## Problem to work on
In the data below, set down exactly the lines from the one containing "of Garmsar |" up to and including the one containing "When Sophie came". Leave the pictures out.

## Materials provided

────

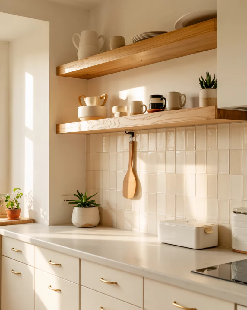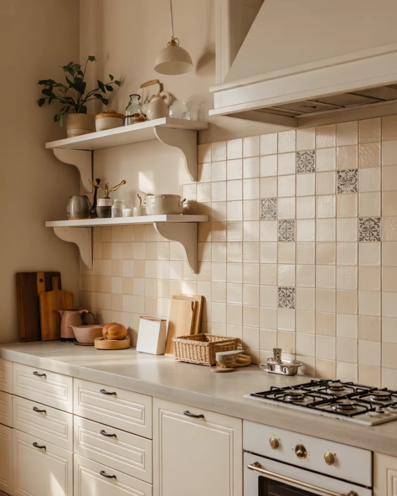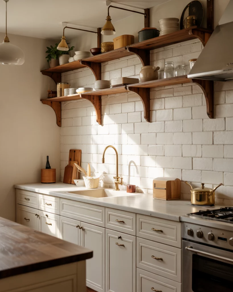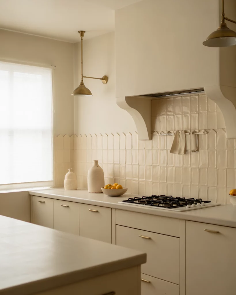 A white kitchen becomes memorable when you add unexpected backsplash ideas like scallops, diamonds, or elongated rectangles. Paired with understated cabinet ideas and gentle decor, these tile shapes can energize the space without overwhelming it. The effect is crisp but subtly playful.
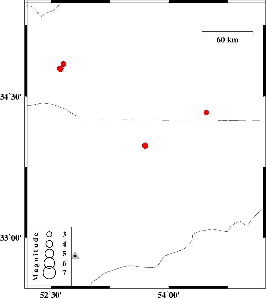 | 2013/08/25 | 23:58:31.5 | 04:28:31.5 | 34.84 | 52.66 | 26 | ML3 | Semnan Province, 51 km South-East of Garmsar |
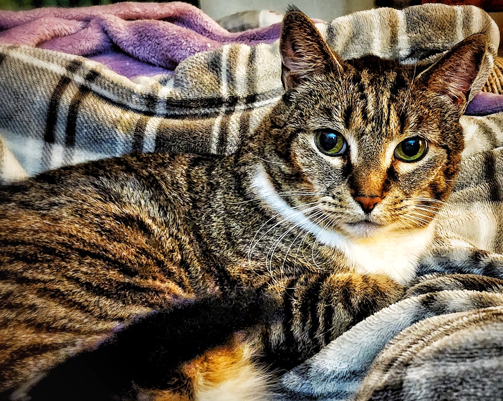 When Sophie came to FLR, my husband was instantly drawn to her good looks, and since we had agreed to adopt a senior cat, she was perfect. We had to wait until she went through her vet visit and socialization with a foster, but after a successful visit, she came home with us. This beautiful girl is now 17 years old and an important member of our family.
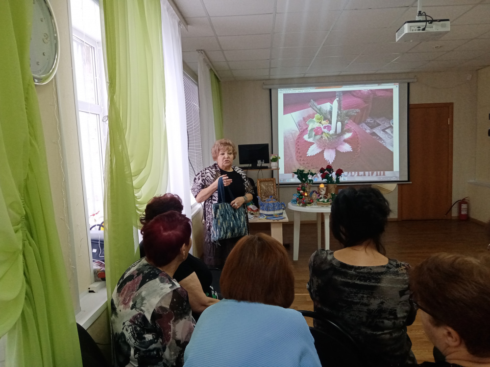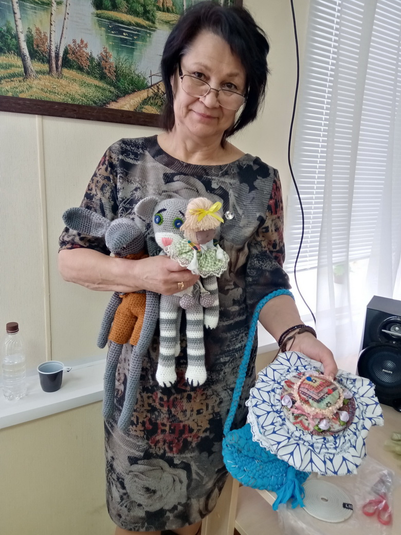 Селиверстова Альфия Шагшарифовна – постоянный участник клуба, серебряный волонтер представила участникам клуба вязаные игрушки, полезные мелочи для дома, сумочки, подставки под горячее, игольницу, сделанные своими руками. Из остатков ткани и пряжи, из всего, что есть под рукой, получаются действительно замечательные вещи.
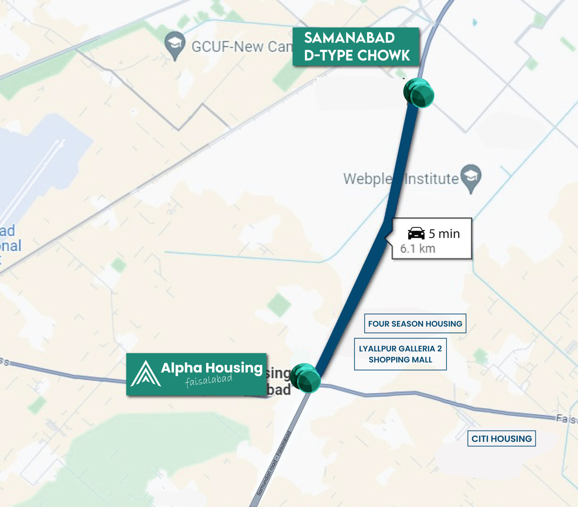 Alpha Housing is the best located housing scheme in Faisalabad. It is surrounded by developed area of the city. It is located only 5 Minutes from Samanabad D-Type Chowk, on Samundari Road, Faisalabad.
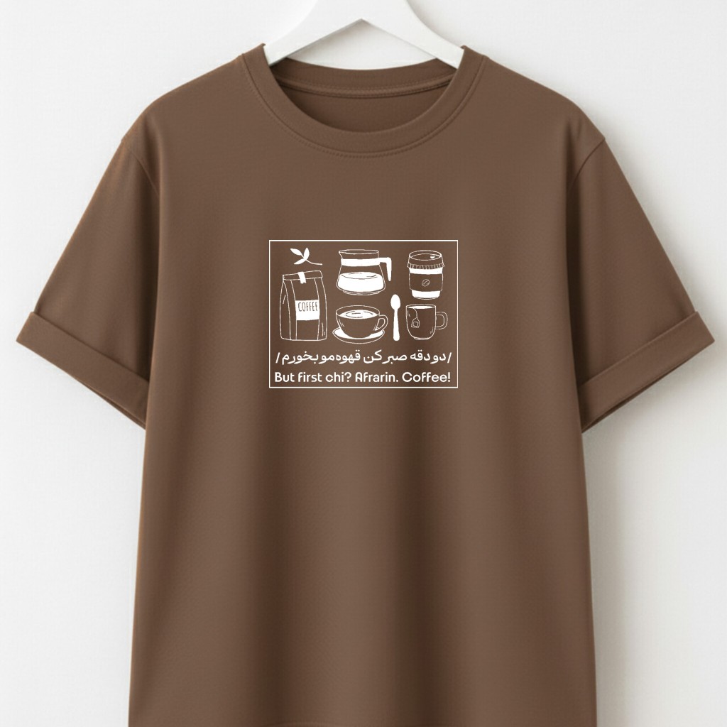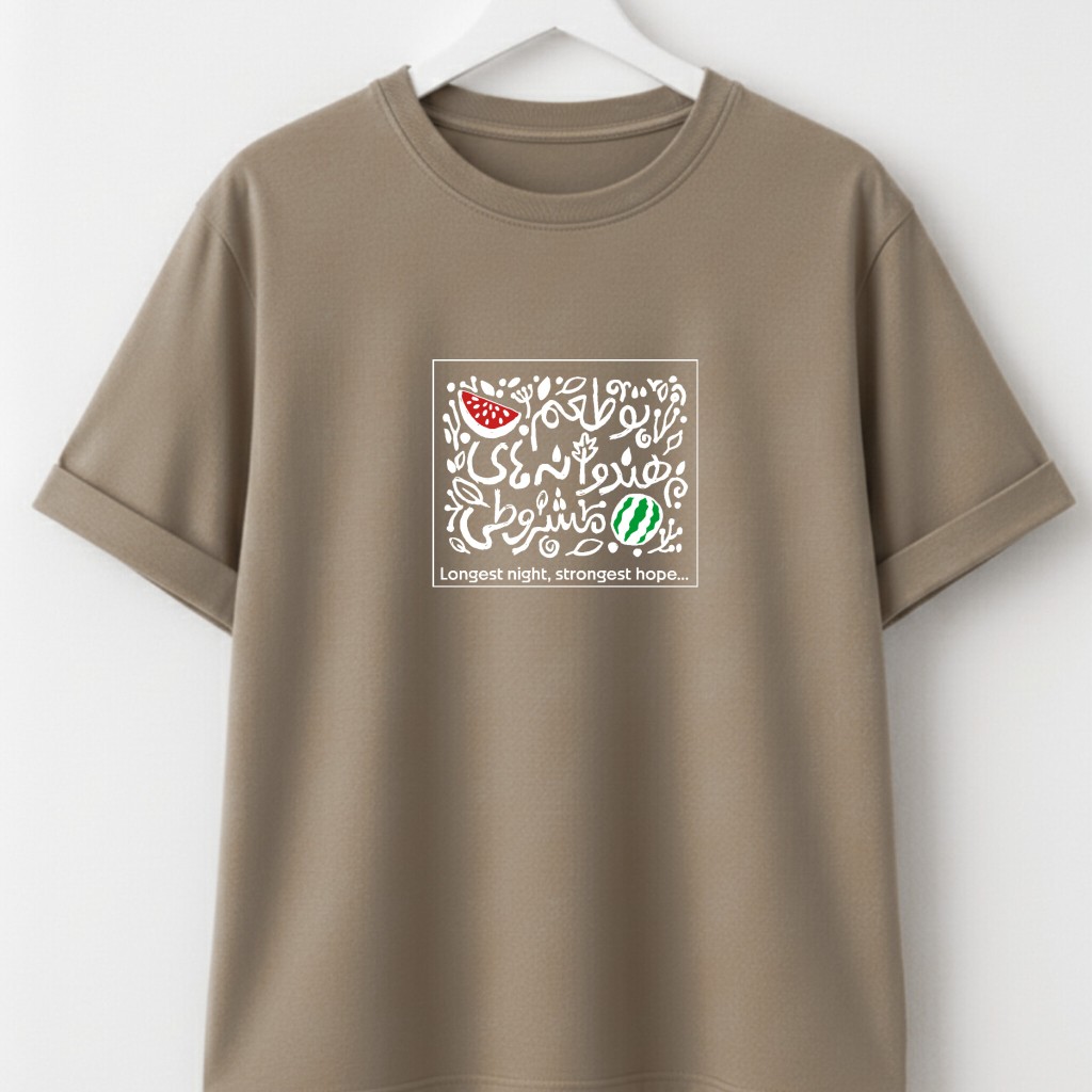 این تیشرتمون جنسش نخپنبهست و رنگهاش خیلی کاربردیه. نرم، سبک و راحتن. برای کسایی مناسبه که دوست ندارن لباس بهشون بچسبه و کاملا آزاده.
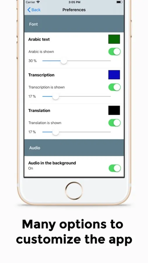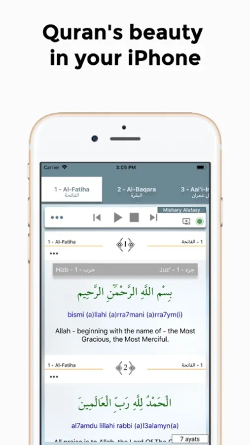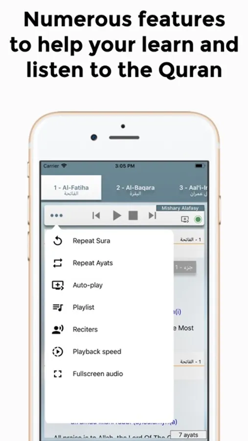 • Avoid having to take out your phone so as to go to the next Surah (سورة - which is a chapter) thanks to the AutoPlay feature
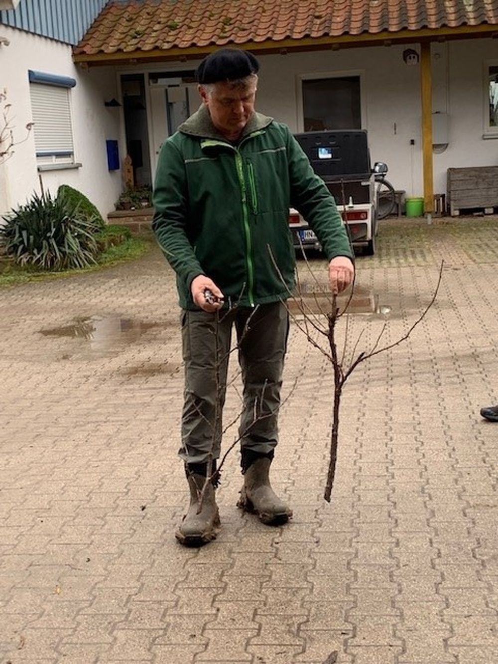Trotz des bewölkten Himmels nahmen 24 begeisterte Teilnehmer*innen an unserem Kurs teil, um von unserem Experten Jürgen Winkler wertvolle Tipps für die Baumpflege zu erhalten. Die Begeisterung für die Pflege des eigenen Gartens, des Baumstücks oder der Streuobstwiese war spürbar. Wir starteten mit einer theoretischen Einführung, diskutierten über die Unterschiede beim Schnitt von Stein- und Kernobstbäumen sowie über ein- und zweijährige Triebe und deren Auswirkungen auf die Fruchtbildung im Erntejahr. Einige Bäume wurden begutachtet und anhand von Beispielen gezeigt, worauf geachtet werden sollte. Manchmal lieber einen mutigen Schnitt anstatt immer wieder nur schnippeln, betonte Jürgen Winkler. Zum Abschluss genossen wir eine leckere Verkostung mit belegten Brötchen, Kuchen, Kaffee und Getränken in geselliger Runde, während weitere Fragen beantwortet wurden.

────

## Task result
 | 2013/08/25 | 23:58:31.5 | 04:28:31.5 | 34.84 | 52.66 | 26 | ML3 | Semnan Province, 51 km South-East of Garmsar |
 When Sophie came to FLR, my husband was instantly drawn to her good looks, and since we had agreed to adopt a senior cat, she was perfect. We had to wait until she went through her vet visit and socialization with a foster, but after a successful visit, she came home with us. This beautiful girl is now 17 years old and an important member of our family.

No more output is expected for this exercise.